A endometriose é uma patologia que se caracteriza pelo crescimento de tecido endometrial ectópico, ou seja, há crescimento de tecido semelhante a endométrio fora do útero, em locais onde não seria suposto o mesmo surgir. O mais frequente é estes crescimentos de tecido anómalo ocorrerem na região pélvica:

- miométrio (outra camada uterina)

- fundo de saco de Douglas

- ligamentos uterosagrados

- ovários

- bexiga

- intestino

- peritoneu

 

No entanto, em casos mais raros, o tecido endometrial também pode surgir noutros órgãos, como os pulmões, o cérebro, o músculo e o olho.

Estes tecidos ectópicos são estrogénio-dependentes.

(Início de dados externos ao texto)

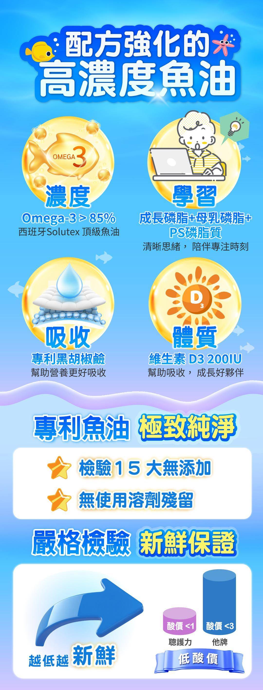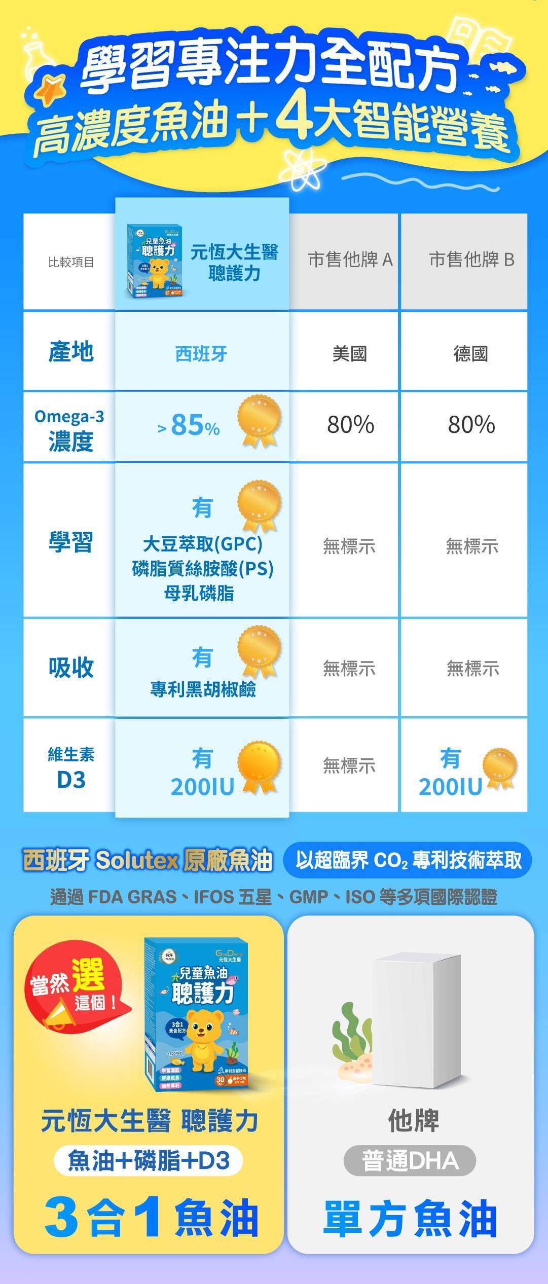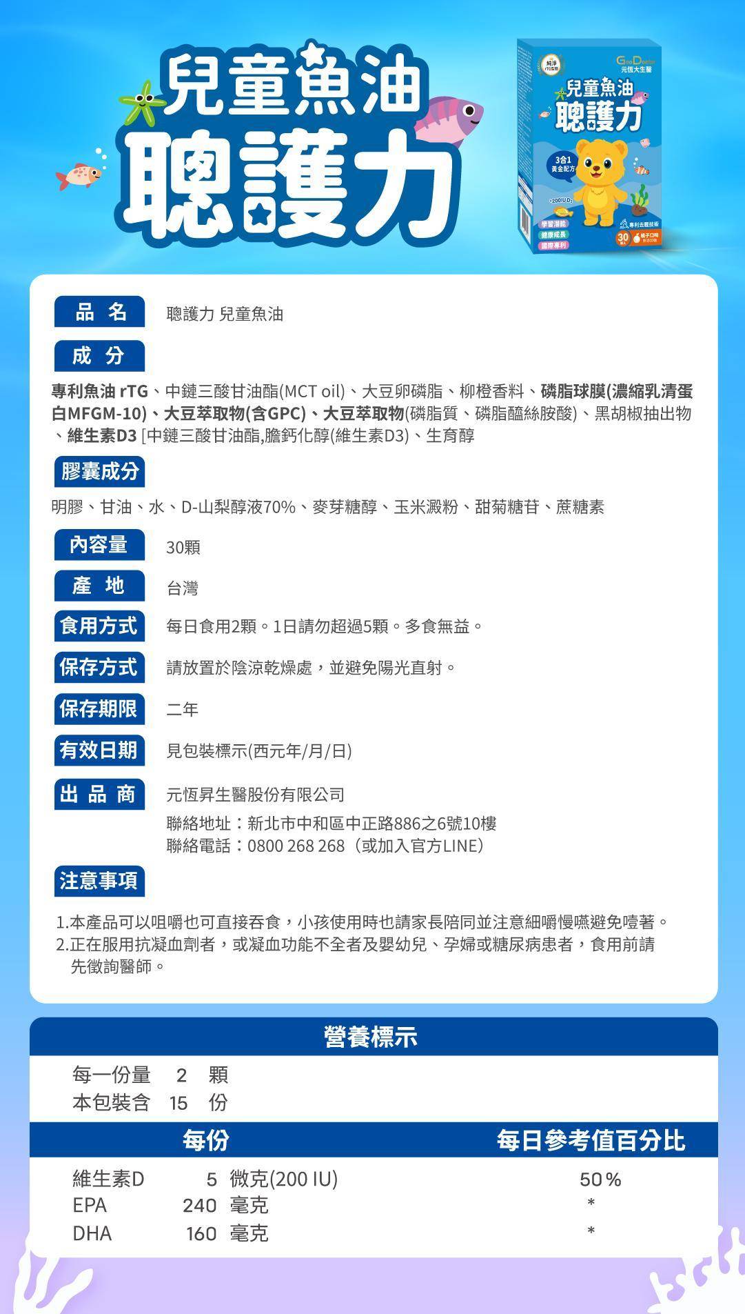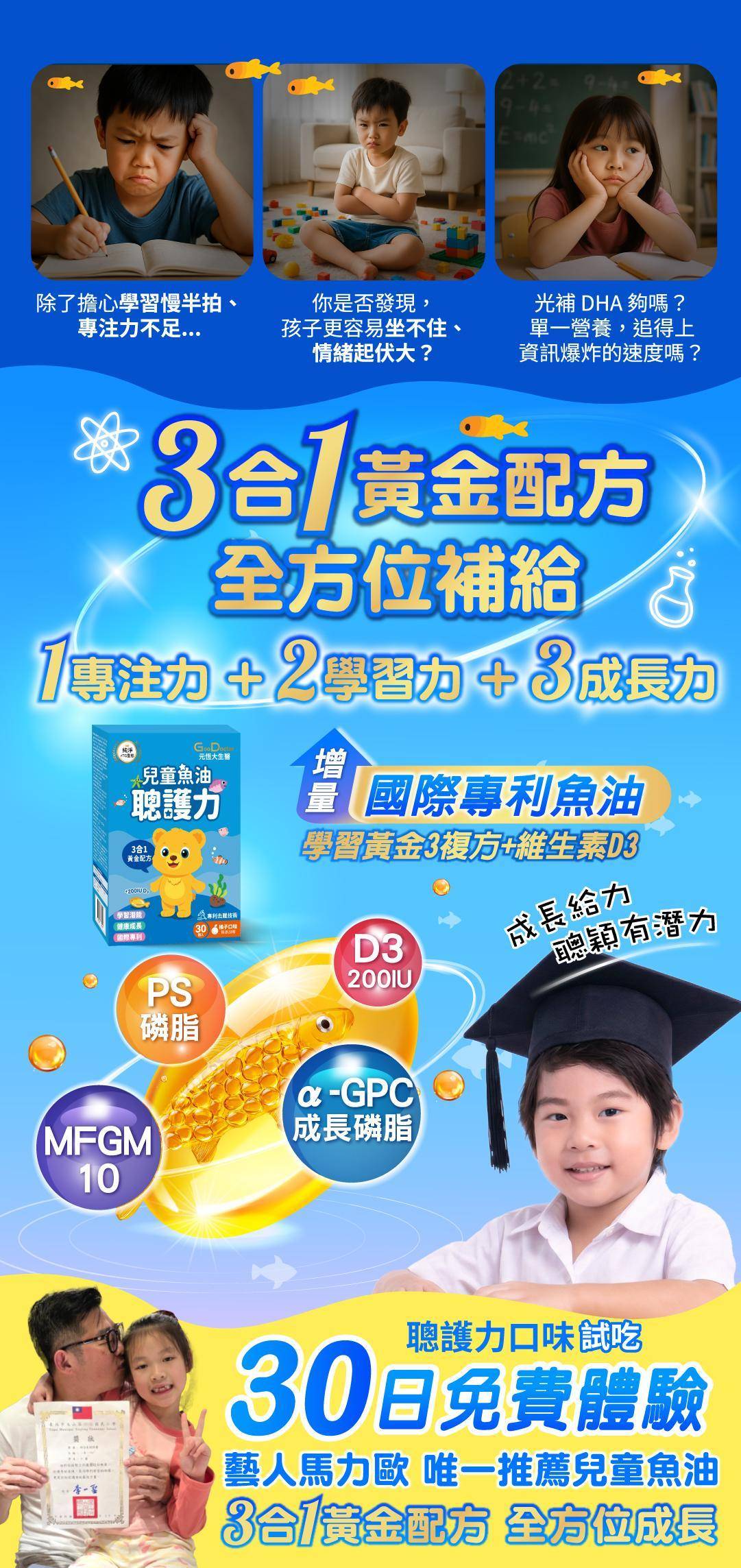 【兒童魚油首選 好吃無腥味】聰護力兒童魚油 三合一黃金配方 豐富複方 魚油+學習配方|限時附贈1盒"小盒贈品"免費試吃優先 詳情請見下方資訊欄
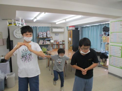連日の猛暑の中、外での活動が難しいので室内で運動できるよう職員も様々な工夫をして過ごしていました。

Assim, aquando do período menstrual, estes tecidos ectópicos sangram, podendo dar origem a hemorragia rectal ou urinária.

 

É uma doença que afecta as mulheres essencialmente no período fértil, e estima-se que afecte cerca de 10 a 12% da população. É responsável por 20 a 30% dos casos de infertilidade e por 40 a 60% das queixas de dismenorreia (dor menstrual).

 

 

Embora seja frequentemente assintomática, as principais manifestações clínicas são:

- dor pélvica crónica cíclica (coincidente com o período menstrual) ou constante - como este tecido ectópico também sofre estimulação por parte dos estrogénios, isso causa uma inflamação repetida que pode levar a fibrose e aderências das estruturas

- dismenorreia (dor menstrual) severa

- dispareunia (dor durante a penetração sexual)

- disúria (dor ao urinar)

- hematúria (sangue na urina) durante o período menstrual

- hemorragia rectal (e defecação dolorosa) durante a menstruação

- cansaço

- infertilidade

 

É frequente um diagnóstico tardio, devido aos sintomas de dor inespecíficos.

 

 

 

O tratamento vai depender da sintomatologia da mulher, do seu desejo de engravidar, da sua idade e da extensão da doença.

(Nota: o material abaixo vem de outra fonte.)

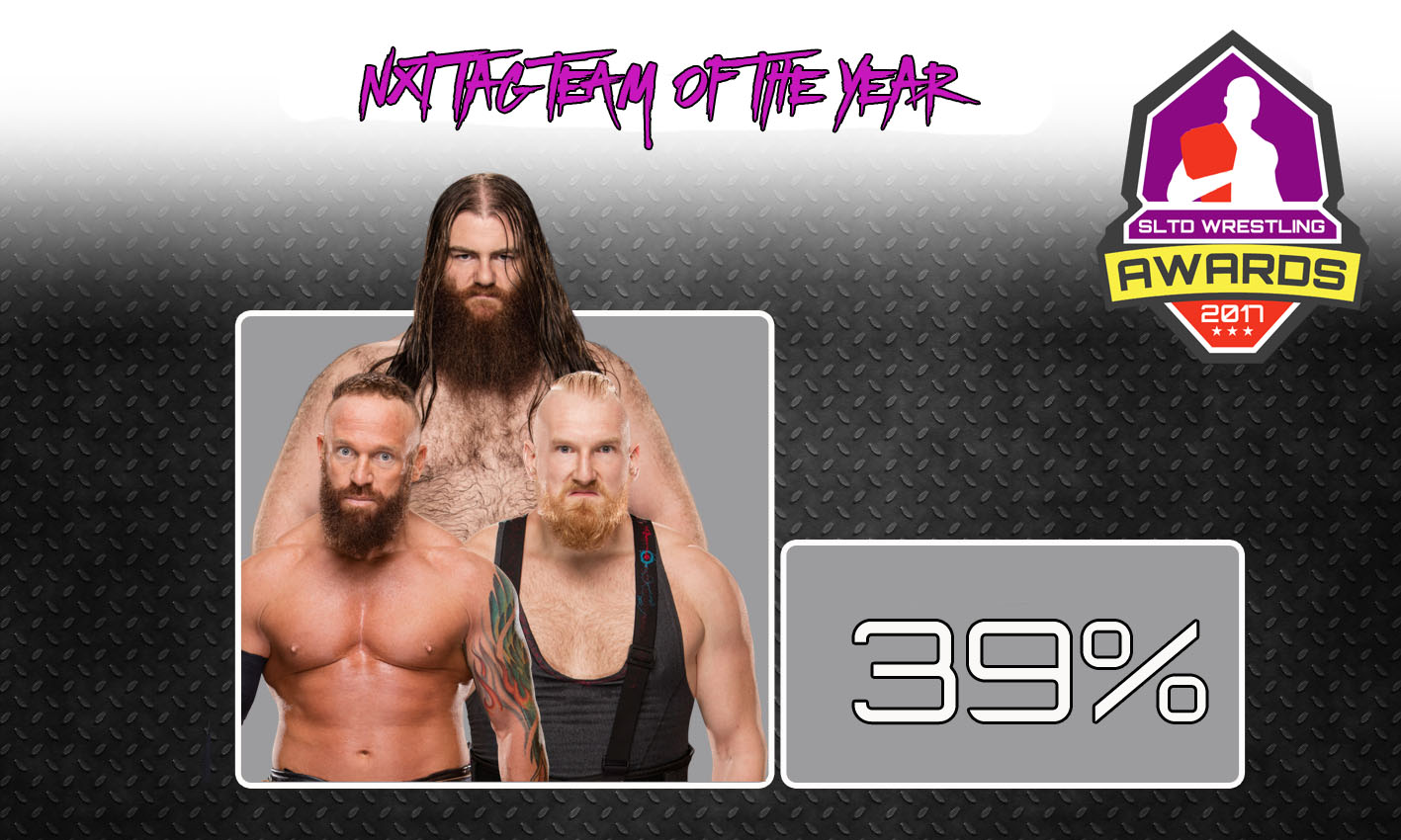 With 39% of the vote, SAnitY has been voted NXT Tag Team of the Year. With the leader of the faction being the 20-year ring veteran Eric Young, the twister Alexander Wolfe, the powerhouse Killian Dane and the mental Nikki Cross there is no denying that this team have run rough shot over all of 2017. They are former Tag Team Champions, but there is no doubt that can climb back to the top of the tag team mountain.

Podem ser usados fármacos como: contraceptivos orais, progestagénios, análogos da GnRH, danazol e inibidores da aromatase.

Em casos mais graves, pode recorrer-se à cirurgia por via laparoscópica: coagulação ou laser são usados para extirpar selectivamente todo o tecido endometrial ectópico, mantendo a capacidade reprodutiva da mulher. No entanto, as recidivas são frequentes e o único tratamento definitivo é a remoção cirúrgica de ambos os ovários (ooforectomia bilateral).